# [Input material]
# # # #

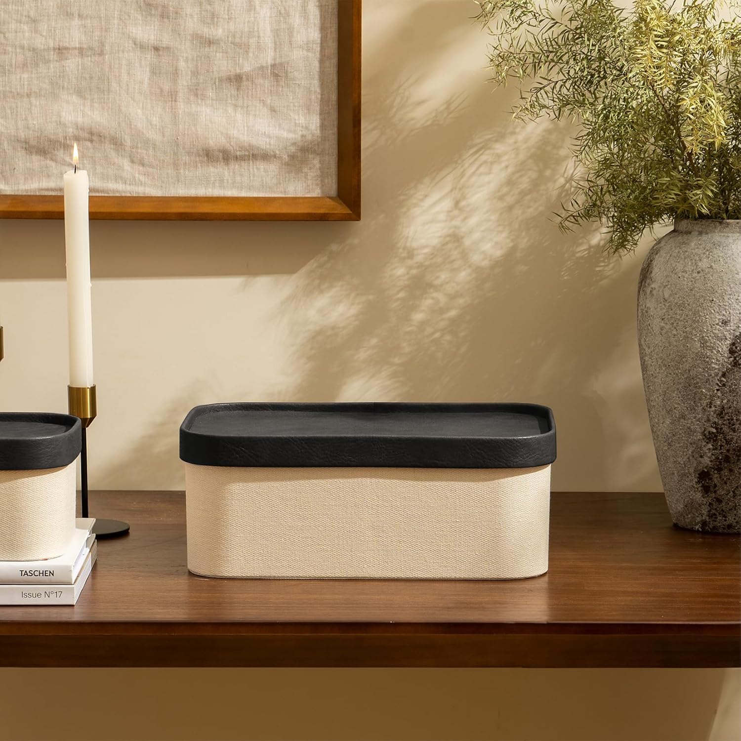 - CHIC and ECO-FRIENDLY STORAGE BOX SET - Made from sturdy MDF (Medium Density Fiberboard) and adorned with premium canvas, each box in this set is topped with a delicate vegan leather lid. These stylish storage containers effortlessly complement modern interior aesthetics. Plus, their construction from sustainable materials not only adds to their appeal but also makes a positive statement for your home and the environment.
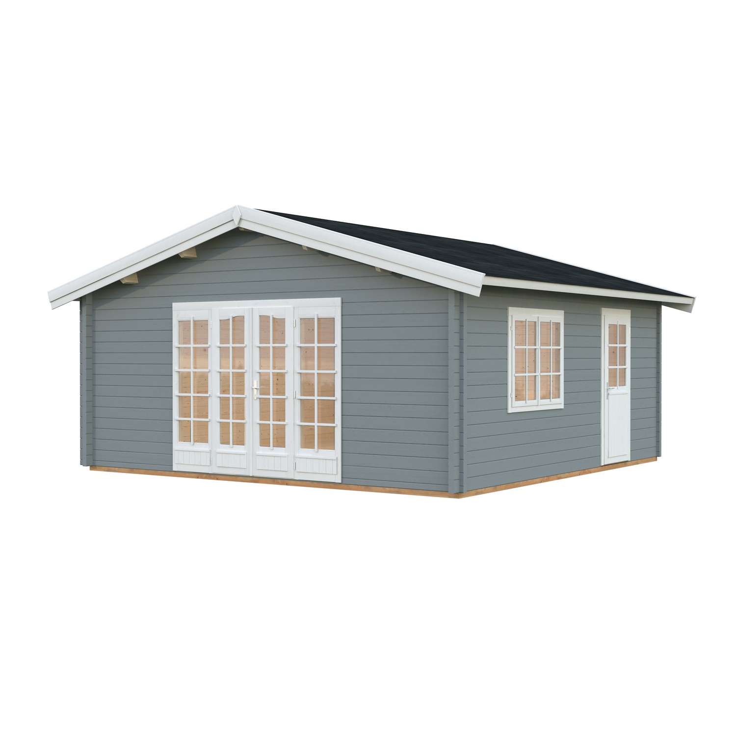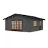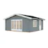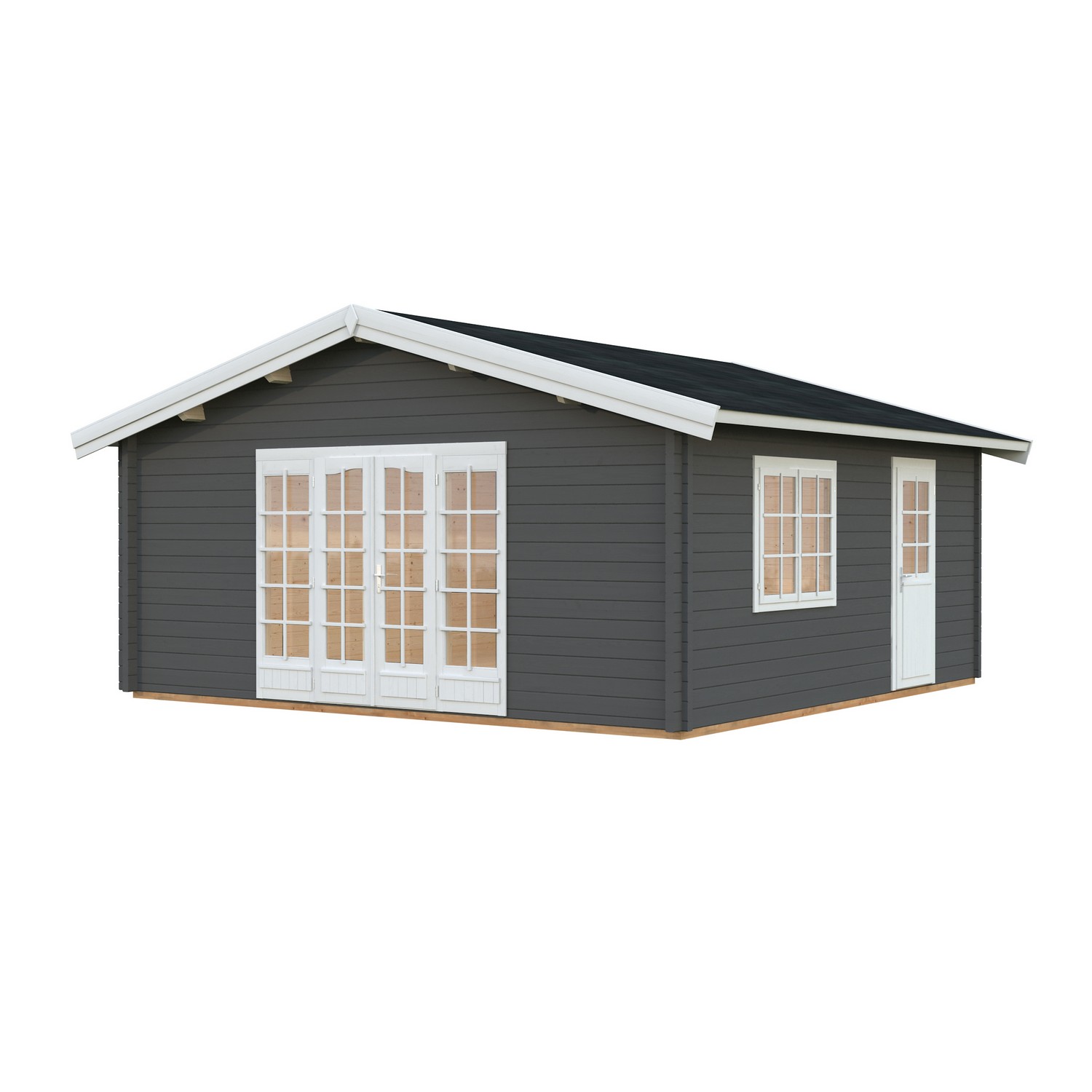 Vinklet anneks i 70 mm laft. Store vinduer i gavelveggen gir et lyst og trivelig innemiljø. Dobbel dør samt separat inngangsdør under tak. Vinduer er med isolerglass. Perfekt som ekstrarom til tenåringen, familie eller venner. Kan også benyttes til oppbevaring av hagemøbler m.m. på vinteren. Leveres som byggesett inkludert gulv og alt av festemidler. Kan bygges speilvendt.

# # # #

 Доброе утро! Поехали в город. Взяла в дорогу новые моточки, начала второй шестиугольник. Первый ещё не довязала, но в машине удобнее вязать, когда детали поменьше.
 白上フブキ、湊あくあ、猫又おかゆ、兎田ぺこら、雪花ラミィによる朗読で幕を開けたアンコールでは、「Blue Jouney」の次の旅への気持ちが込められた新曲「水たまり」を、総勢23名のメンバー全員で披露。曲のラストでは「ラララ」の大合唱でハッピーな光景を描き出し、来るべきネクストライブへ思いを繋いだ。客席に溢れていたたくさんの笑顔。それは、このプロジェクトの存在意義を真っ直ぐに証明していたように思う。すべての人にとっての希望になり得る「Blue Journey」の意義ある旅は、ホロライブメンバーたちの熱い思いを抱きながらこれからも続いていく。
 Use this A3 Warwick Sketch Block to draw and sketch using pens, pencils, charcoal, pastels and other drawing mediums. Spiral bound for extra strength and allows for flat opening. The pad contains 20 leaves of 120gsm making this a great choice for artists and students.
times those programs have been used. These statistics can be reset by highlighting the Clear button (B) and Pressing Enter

# # # #

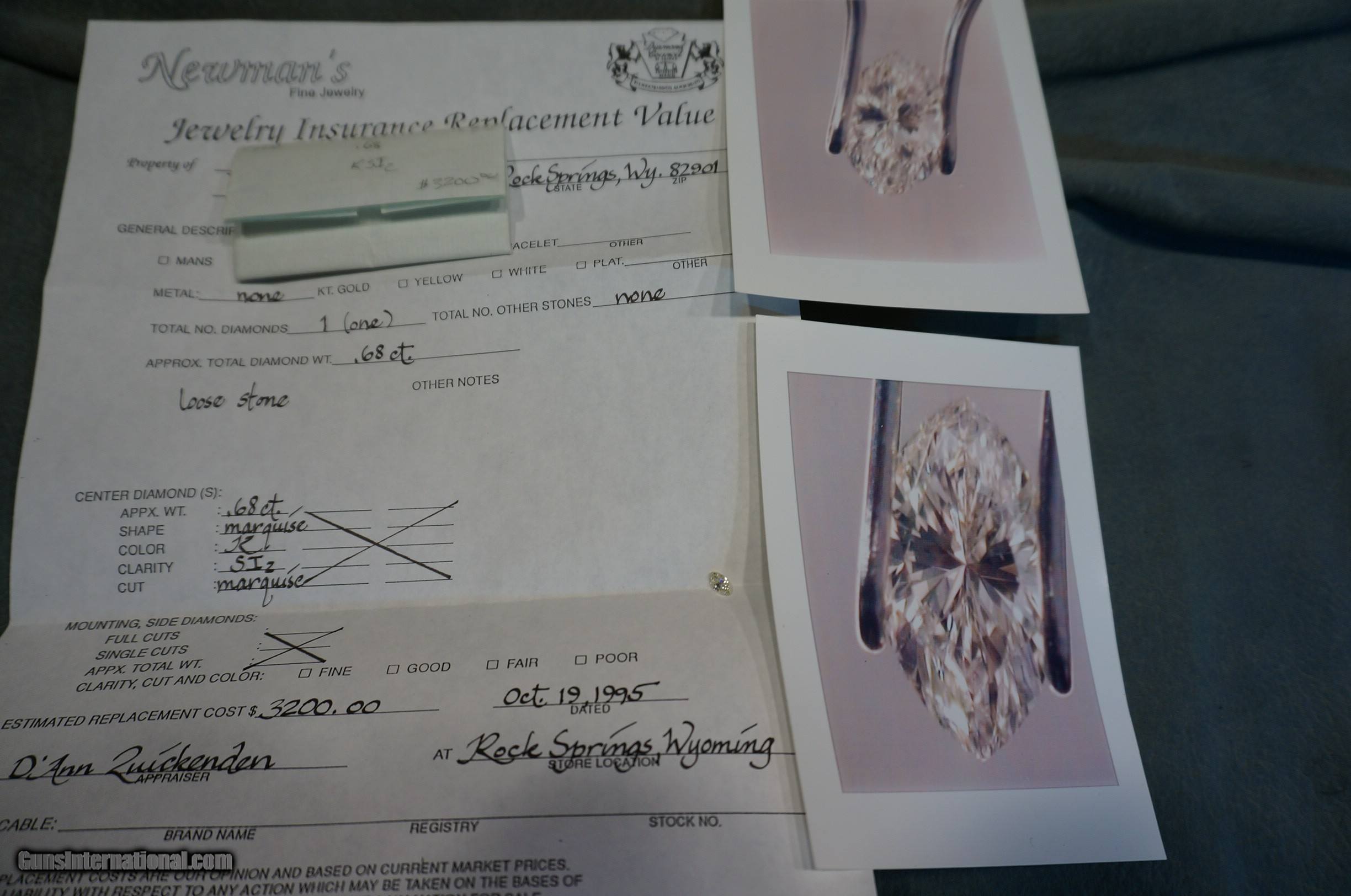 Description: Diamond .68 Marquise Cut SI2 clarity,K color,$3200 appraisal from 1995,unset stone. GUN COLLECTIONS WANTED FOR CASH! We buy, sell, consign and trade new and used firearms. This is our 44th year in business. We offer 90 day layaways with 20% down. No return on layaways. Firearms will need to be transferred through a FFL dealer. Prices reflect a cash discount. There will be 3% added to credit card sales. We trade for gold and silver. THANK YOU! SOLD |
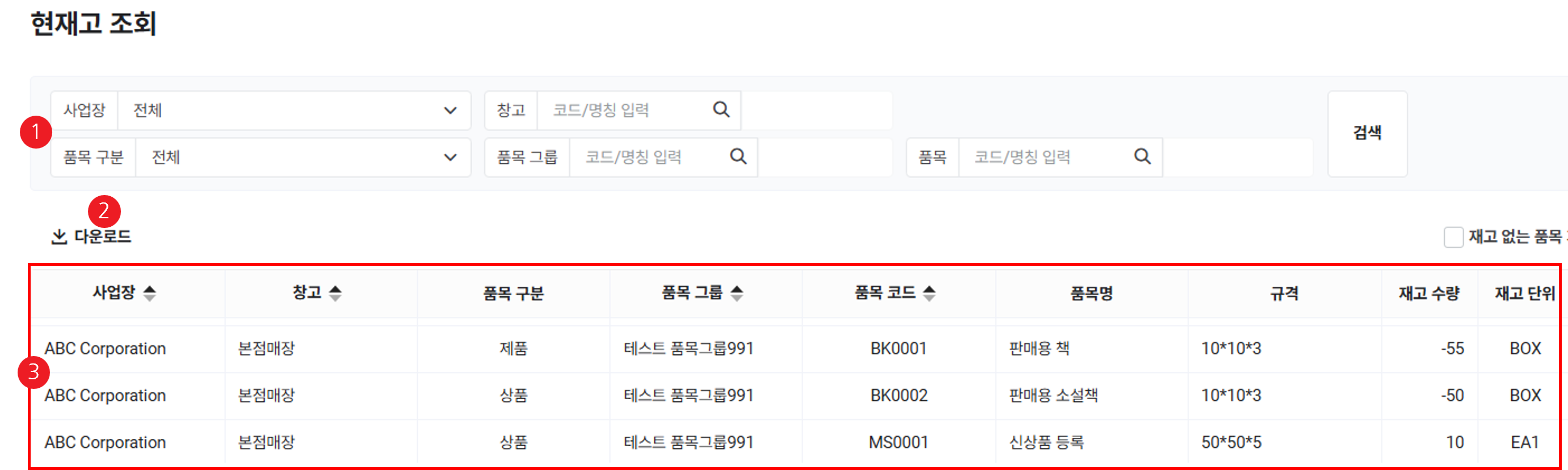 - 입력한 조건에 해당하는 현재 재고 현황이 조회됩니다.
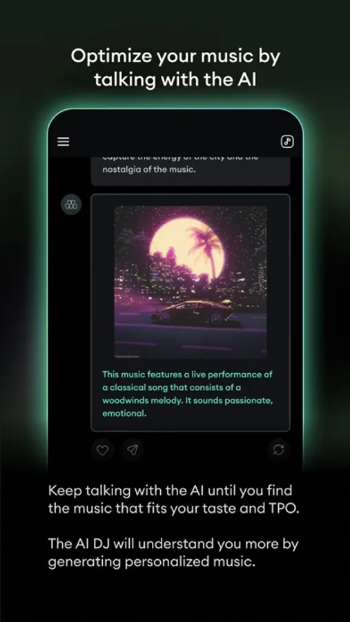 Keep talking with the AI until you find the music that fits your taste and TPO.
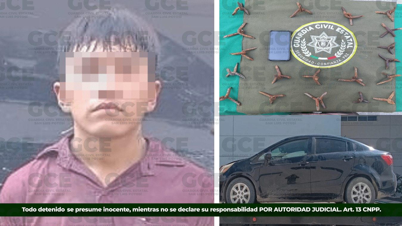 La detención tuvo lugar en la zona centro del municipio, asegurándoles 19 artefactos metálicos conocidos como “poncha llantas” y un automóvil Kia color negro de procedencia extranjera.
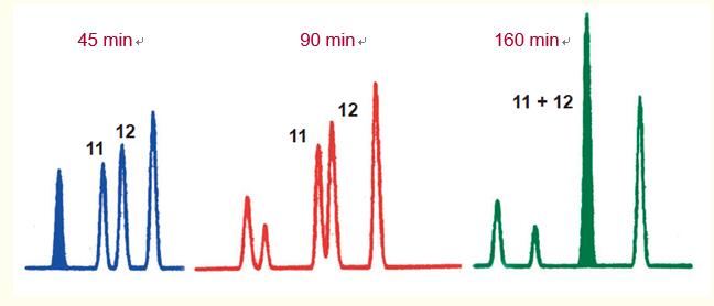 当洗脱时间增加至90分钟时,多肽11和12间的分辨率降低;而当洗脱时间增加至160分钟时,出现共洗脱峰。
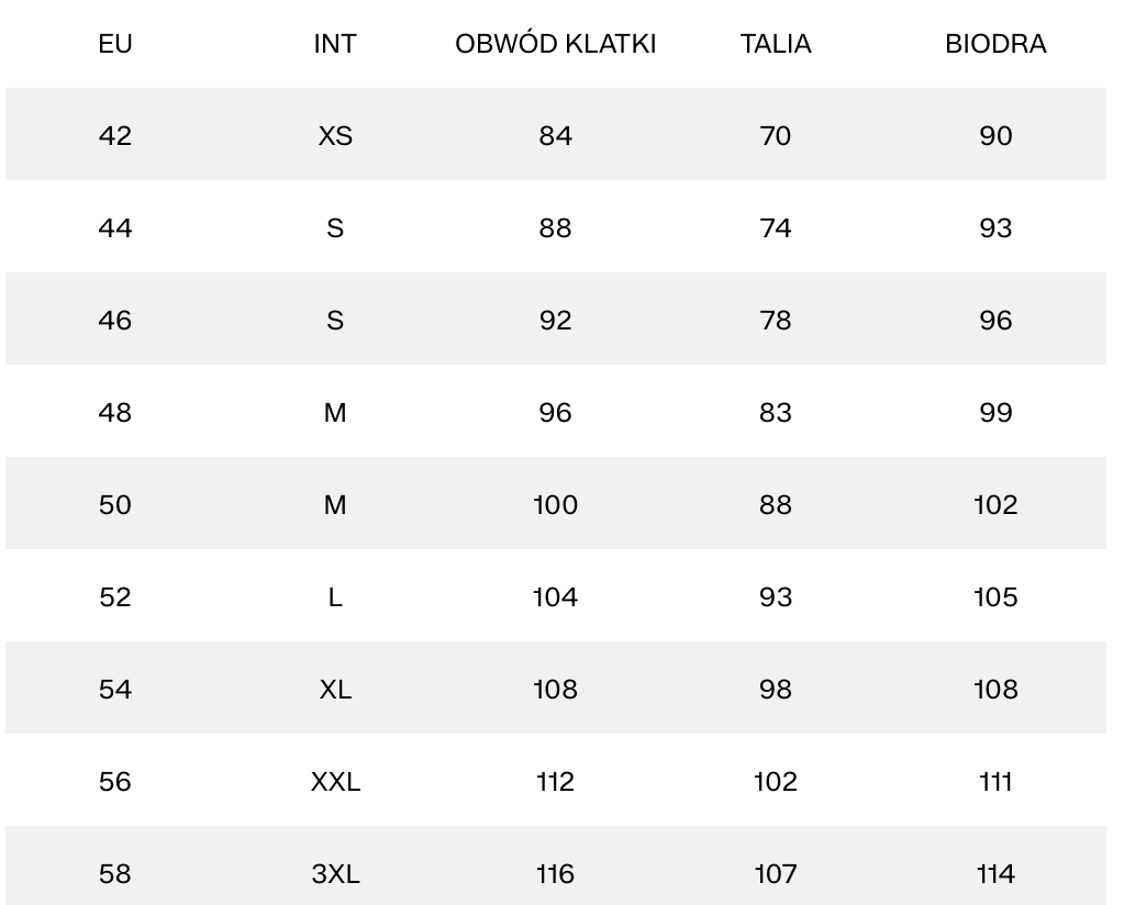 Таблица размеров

# # # #

# [Goal of the exercise]
Above this task is a listing with pictures in it. Retype only the lines from the one containing "Keep talking with" through the one containing "Таблица размеров", both included, and not the pictures.

# [Result of the task]
 Keep talking with the AI until you find the music that fits your taste and TPO.
 La detención tuvo lugar en la zona centro del municipio, asegurándoles 19 artefactos metálicos conocidos como “poncha llantas” y un automóvil Kia color negro de procedencia extranjera.
 当洗脱时间增加至90分钟时,多肽11和12间的分辨率降低;而当洗脱时间增加至160分钟时,出现共洗脱峰。
 Таблица размеров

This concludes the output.